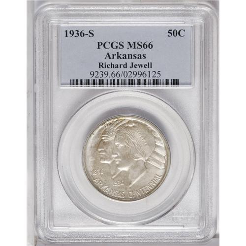 <B>1936-S<50C> Arkansas MS66 PCGS.</B></I> Ex: Richard Jewell. Delicate ocean-blue and gold toning visits this satiny and unmarked Premium Gem. A scant seven pieces have been certified finer by PCGS (4/06).
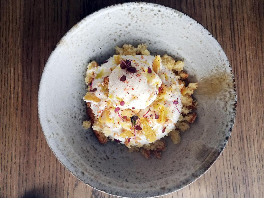 « Po-po-pooo ! », c’est ce qu’on s’écrie en voyant débarquer face à nous l’œuf mayo qui met k.o tous tes clichés sur ce plat de cantine vu et revu. On trempe compulsivement la brioche dans le jaune puis le blanc aérien et on s’assure qu’il n’en reste plus une miette après notre passage. C’est le moment que choisit la daurade à la peau croustillante, flanquée de pickles d’oignons et d’herbes gorgées de soleil, pour débarquer. Alors elle est haute, la barre, quand arrive le dessert mais le coup de foudre est immédiat. Carton plein pour le calisson câlin, planqué entre une brioche imbibée de fleur d’oranger, une boule de glace et du mascarpone tellement léger. On y retourne quand ?
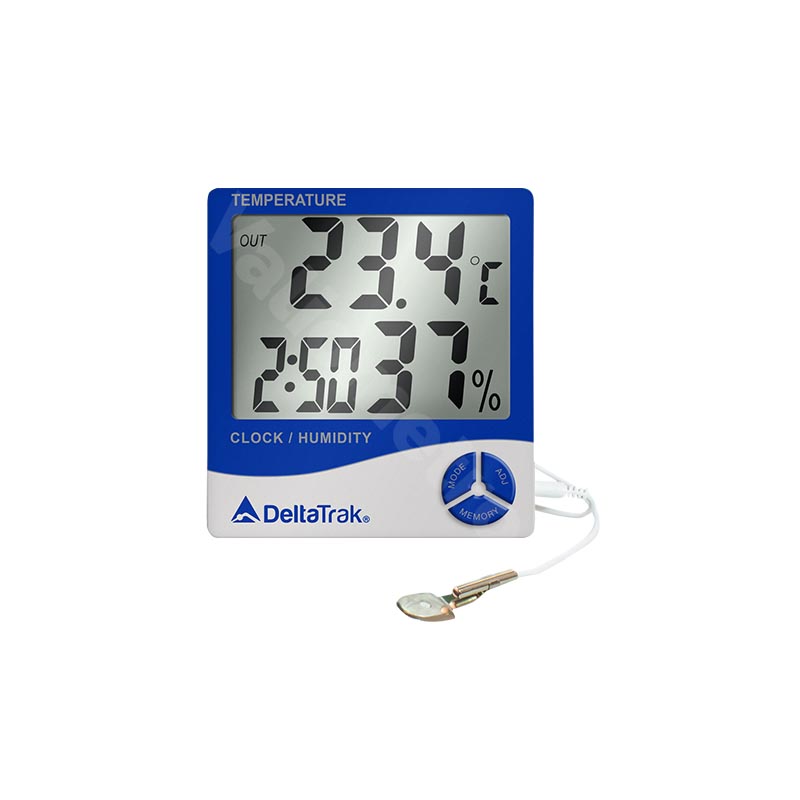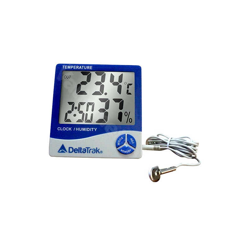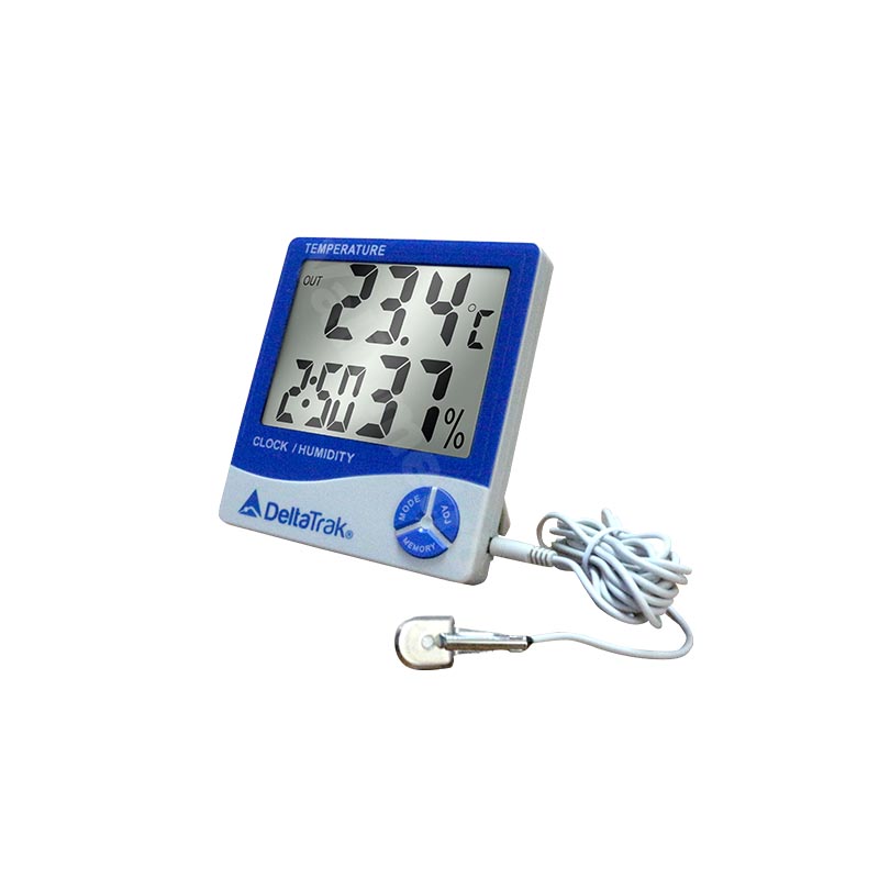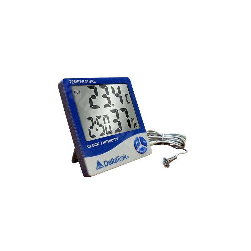 El termohigrómetro con pantalla gigante, modelo 13309, monitorea la temperatura y la humedad relativa en áreas de almacenamiento y producción, cámaras frigoríficas, hospitales, farmacias, bancos de sangre, salas limpias, invernaderos, producción de animales vivos, como gallineros y criaderos. Este termohigrómetro cuenta con una gran pantalla LCD, se puede cambiar entre °F/°C, almacena y recupera lecturas mínimas/máximas, tiene una opción para configurar alarmas diarias y por hora. El sensor de termistor externo con un cable de extensión cuenta con un soporte de sonda para una colocación segura.
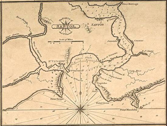 No quadro referente ao porto de Santos, note-se a escala em milhas, o calado (profundidade) medido em pés e ainda o fato de, mesmo num mapa inglês, a extensão da praia santista, marcada por antigos rios, aparece toda ela denominada como "Embaré", tendo na ponta o Forte da Trincheira, que já teve diversos nomes (Forte Augusto, da Estacada ou Fortaleza do Castro), em oposição ao Forte da Barra Grande:
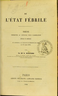 De l'état fébrile : thèse présentée au concours pour l'agrégation (section de médecine) et soutenue à la Faculté de médecine de Paris, le 12 mars 1866 / par L. Desnos.
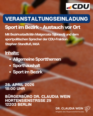 im April 2026 lädt Sie Frau Dr. Claudia Wein, MdA, herzlich zu zwei Veranstaltungen ein. Wir freuen uns, mit Ihnen ins Gespräch zu kommen und aktuelle Themen gemeinsam zu diskutieren:
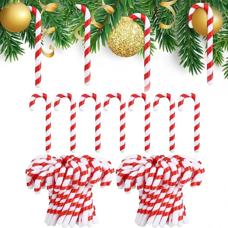 100/10Pcs Christmas Candy Cane Ornament Plastic Christmas Tree Hanging Decoration Twisted Crutch Candy Canes Indoor Party Favor
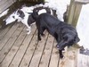 Tucker had just recovered from a broken hip after getting hit by a school bus, Lobo is the black dog I am guessing He ran away from home since He is deathly afraid of thunder, gunshots or anything else thats loud unfortunetlly He will kill anything He can catch, not other dogs but squirrels to fawns are on his list.He is one of the sweetiest dogs I have had and has the best manners, but He lets Tucker rule the roost
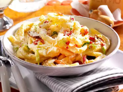 Cook the pasta in boiling salted water according to the instructions on the packet. Heat the oil in a large pan. Fry the bacon in it. Fry mushrooms and leek for about 4 minutes.
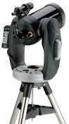 Nejpokročilejší řadou naváděných azimutálních montáží jsou uzavřené vidlicové montáže CPC™. Do nich jsou osazeny opět dalekohledy Schmidt-Cassegrainovy konstrukce o průměrech 8”, 9,25” a 11”, všechny vybaveny StraBright® XLT reflexní úpravou. Ta zajišťuje bezkonkurenčně nejmenší ztráty světla při průchodu optickým systémem. Montáže jsou vybaveny zabudovaným přijímačem GPS, odpadá tedy nutnost zadávat zeměpisné souřadnice a čas, oba údaje si dalekohled zjistí z družic. I ustavení je výrazně jednodušší. Pět různých způsobů ustavení obsahuje i metodu GPS Alignment, která v podstatě dalekohled ustaví zcela sama. Vidlicové montáže jsou velmi tuhé a pro vizuální pozorování si dnes jen těžko lze představit komfortnější dalekohled. Stále ještě platí, že jde o dalekohledy přenosné tedy do terénu, i když u 11” dalekohledu je nutno počítat s hmotností dalekohledu s vidlicí okolo 28kg. Montáže lze pořízením paralaktického klínu upravit na astrofotografické, i když tuhost systému klesne. Montáže jsou vybaveny jak autoguider portem tak elektronickou korekcí periodické chyby tzv. PEC. Celestron CPC 1100 tedy SCT 280/2800mm je dnes poměrem cena/výkon nejvýhodnějším „velkým“ amatérským dalekohledem na trhu.
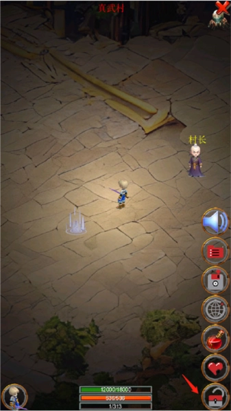 2、移动人物往上方走,来到村长身边
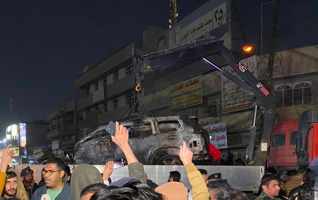 2024年2月7日,在伊拉克首都巴格達,民防部門轉移遭無人機襲擊的車輛。新華社發(fā)(哈利勒·達伍德攝)
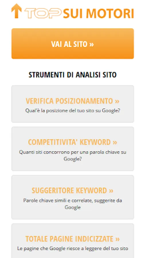 The official app of Topsuimotori offers analysis tools SEO (search engine positioning) to monitor the health of your site. It allows:
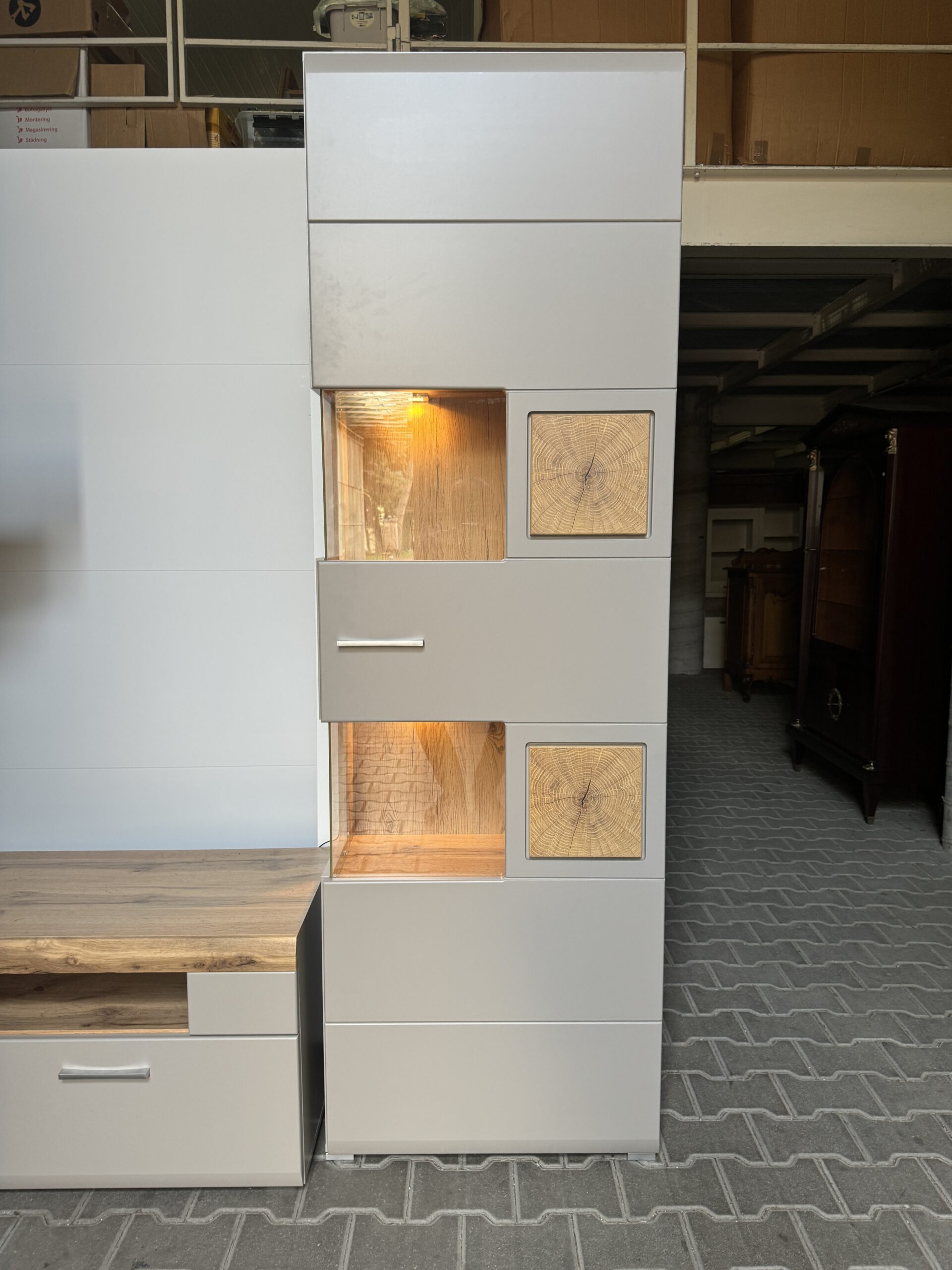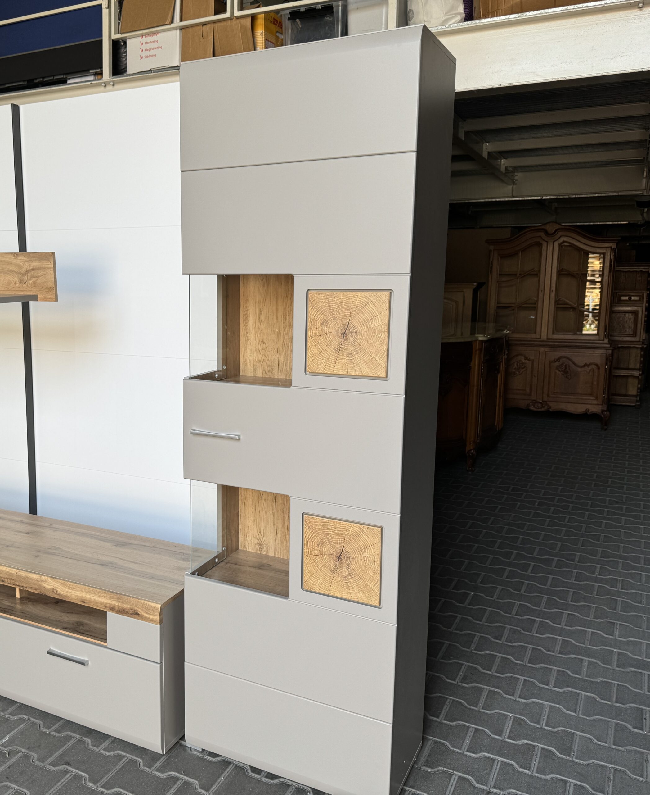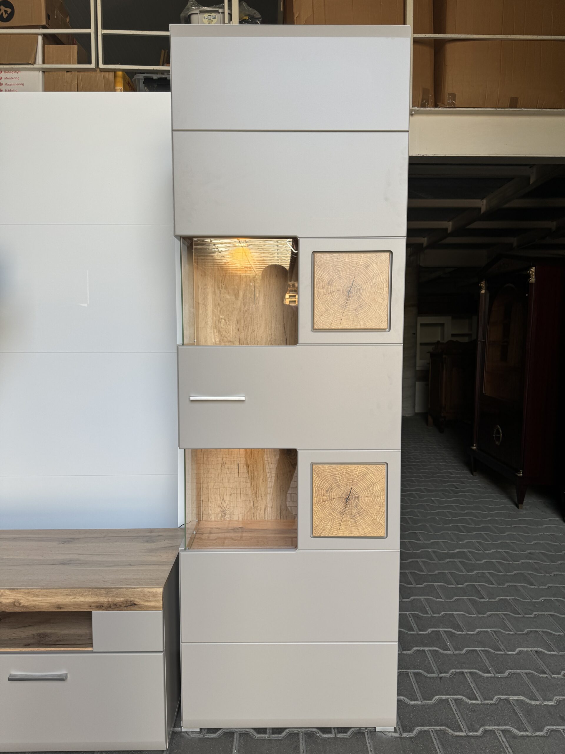 Fronty posiadają bazaltowe sekcje wykonane z imitacją drewna, co doskonale dopełnia cały wystrój mebla.
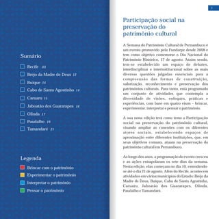 Este documento descreve as atividades da Semana do Patrimônio Cultural de Pernambuco em 2018, que inclui seminários, oficinas, exposições e apresentações com foco na participação social na preservação do patrimônio cultural. O evento ocorrerá entre os dias 10 e 21 de agosto em vários municípios de Pernambuco, com programação variada abordando temas como maracatus, patrimônio ferroviário, literatura de cordel e novos métodos para preservação do patrimônio histórico
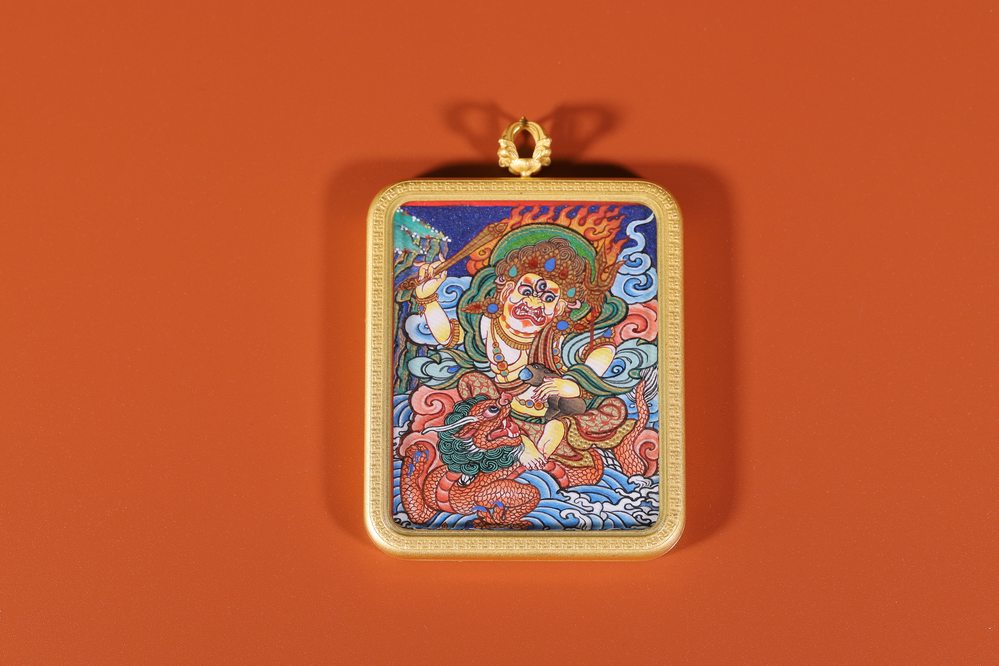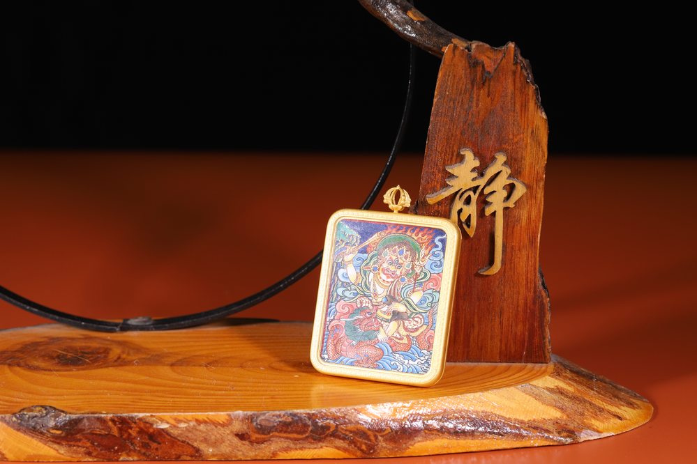 產地:熱貢 工藝: 創作年份:2023 題材:白財神 繪制時間:20日 尺寸:5*4cm 裝裱:鏡片 材質: 使用場地:隨身佩戴
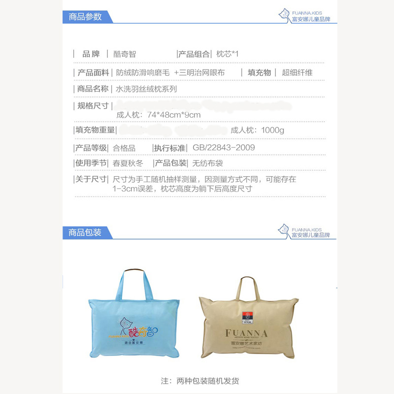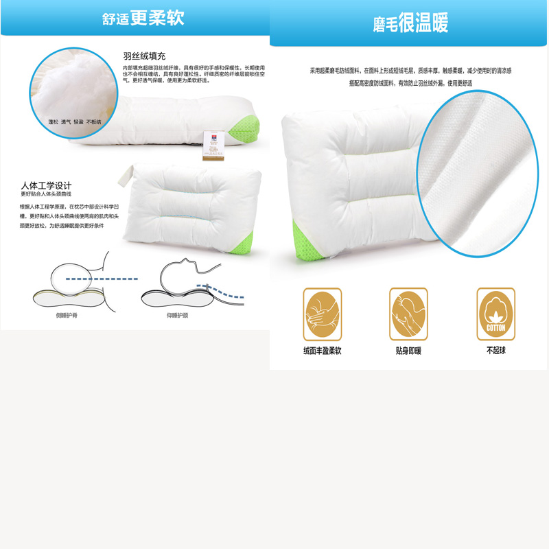 水洗羽丝绒枕(单只 74*48cm)【面料:纯棉磨毛 填充:超细纤维(1000克)/白】
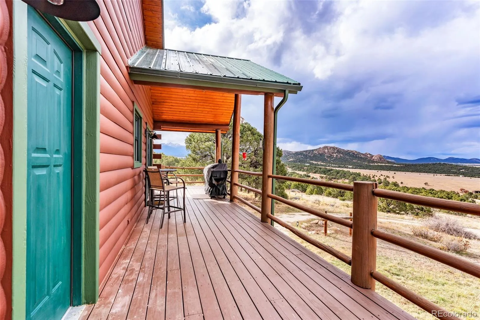 Tucked at the base of Mitchell Mountain, this extraordinary custom log home offers an unparalleled serenity. Located within the prestigious Bull Domingo Ranch subdivision, loved for its equestrian lifestyle, vast BLM access, and proximity to DeWeese Reservoir, this property embodies refined rustic living at its finest. Spanning 35 private acres & 3,026 square feet of handcrafted log construction, this residence showcases three bedrooms and three baths designed with timeless craftsmanship and exceptional attention to detail. The open-concept great room impresses with dramatic vaulted ceilings, rich oak hardwood floors, and expansive windows that frame panoramic mountain views. A beautiful log staircase leads to a lofted suite featuring a spa-inspired bath with a jacuzzi tub and a private deck where you can take in sweeping vistas of the mountains. Vaulted tongue-and-groove ceilings and natural wood textures create a warm, inviting ambiance that blends comfort and elegance. This home is in pristine condition and priced below market value for a quick sale. The sellers have recently completed thoughtful upgrades, including all new kitchen appliances, new countertops, the addition of gas service to the kitchen, and a water filtration system. The exterior logs have been completely retreated, and a brand-new water heater has been installed, ensuring this exceptional property is move-in ready and meticulously maintained. Outdoors, discover your own private haven, complete with a detached three-car garage and workshop, along with charming country touches such as a chicken coop. With Mitchell Mountain as your backdrop, enjoy direct access to hiking trails and endless opportunities to explore nature in complete privacy. Perfectly positioned along maintained roads and just minutes from the picturesque town of Westcliffe, this exceptional mountain retreat offers a rare opportunity to experience elevated rustic luxury where tranquility, craftsmanship, and natural beauty converge.
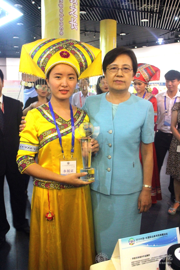 教育部魯昕副部長(zhǎng)與我院學(xué)生陳鋪娟合影
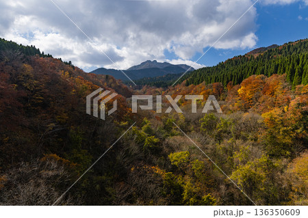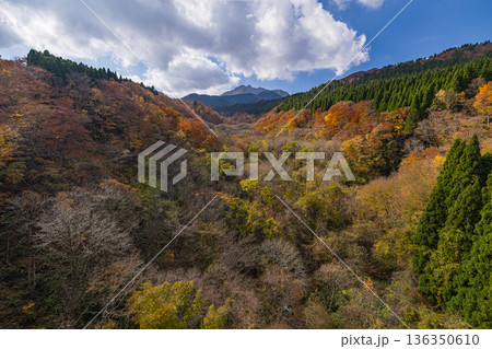 日本 鳥取県倉吉市関金町にある東大山大橋から眺める大山と渓谷の紅葉した木々
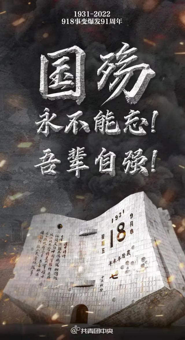 今天,纪念“九一八事变”的防空警报,昭示我们要时刻牢记:勿忘国耻,振兴中华。”

━━━

## WHAT THE TASK ASKS
Using the entries above, transcribe every line from the line containing "De l'état fébrile" through the line containing "Cook the pasta". Do not copy pictures.

## ANSWER TO THE PROBLEM
 De l'état fébrile : thèse présentée au concours pour l'agrégation (section de médecine) et soutenue à la Faculté de médecine de Paris, le 12 mars 1866 / par L. Desnos.
 im April 2026 lädt Sie Frau Dr. Claudia Wein, MdA, herzlich zu zwei Veranstaltungen ein. Wir freuen uns, mit Ihnen ins Gespräch zu kommen und aktuelle Themen gemeinsam zu diskutieren:
 100/10Pcs Christmas Candy Cane Ornament Plastic Christmas Tree Hanging Decoration Twisted Crutch Candy Canes Indoor Party Favor
 Tucker had just recovered from a broken hip after getting hit by a school bus, Lobo is the black dog I am guessing He ran away from home since He is deathly afraid of thunder, gunshots or anything else thats loud unfortunetlly He will kill anything He can catch, not other dogs but squirrels to fawns are on his list.He is one of the sweetiest dogs I have had and has the best manners, but He lets Tucker rule the roost
 Cook the pasta in boiling salted water according to the instructions on the packet. Heat the oil in a large pan. Fry the bacon in it. Fry mushrooms and leek for about 4 minutes.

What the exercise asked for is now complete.